Task prompt:
Could you write out, exactly as they stand, only the lines in the listing below from the line with "Obývací pokoj Vina" to the line with "Men's Autumn Hoodie", both ends included, without the pictures?

Input data:
----

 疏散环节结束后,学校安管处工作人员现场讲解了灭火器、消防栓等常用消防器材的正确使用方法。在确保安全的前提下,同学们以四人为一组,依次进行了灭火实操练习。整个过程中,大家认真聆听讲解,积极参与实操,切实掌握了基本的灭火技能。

----

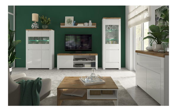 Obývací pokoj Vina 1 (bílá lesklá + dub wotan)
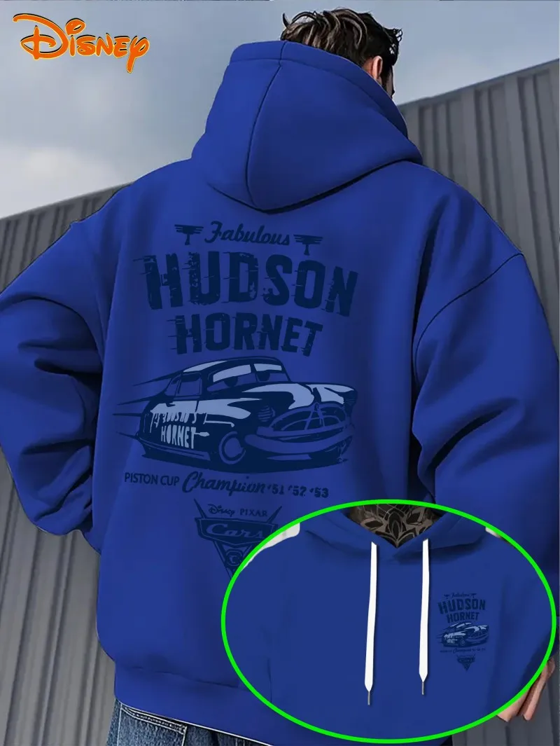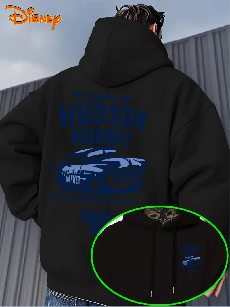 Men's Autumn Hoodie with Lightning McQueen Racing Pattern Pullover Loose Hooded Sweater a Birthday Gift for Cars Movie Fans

----

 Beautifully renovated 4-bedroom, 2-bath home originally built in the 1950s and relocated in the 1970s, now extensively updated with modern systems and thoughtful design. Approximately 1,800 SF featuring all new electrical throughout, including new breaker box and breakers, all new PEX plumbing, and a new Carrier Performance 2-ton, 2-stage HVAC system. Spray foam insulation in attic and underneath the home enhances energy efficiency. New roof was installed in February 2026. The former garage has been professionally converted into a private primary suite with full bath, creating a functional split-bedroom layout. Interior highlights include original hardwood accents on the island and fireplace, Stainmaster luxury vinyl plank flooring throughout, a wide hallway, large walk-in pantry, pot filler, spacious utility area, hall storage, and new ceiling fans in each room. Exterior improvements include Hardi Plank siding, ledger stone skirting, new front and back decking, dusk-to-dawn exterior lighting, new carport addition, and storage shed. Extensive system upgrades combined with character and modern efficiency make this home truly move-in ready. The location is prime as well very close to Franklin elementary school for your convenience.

----

Response to the exercise:
 Obývací pokoj Vina 1 (bílá lesklá + dub wotan)
 Men's Autumn Hoodie with Lightning McQueen Racing Pattern Pullover Loose Hooded Sweater a Birthday Gift for Cars Movie Fans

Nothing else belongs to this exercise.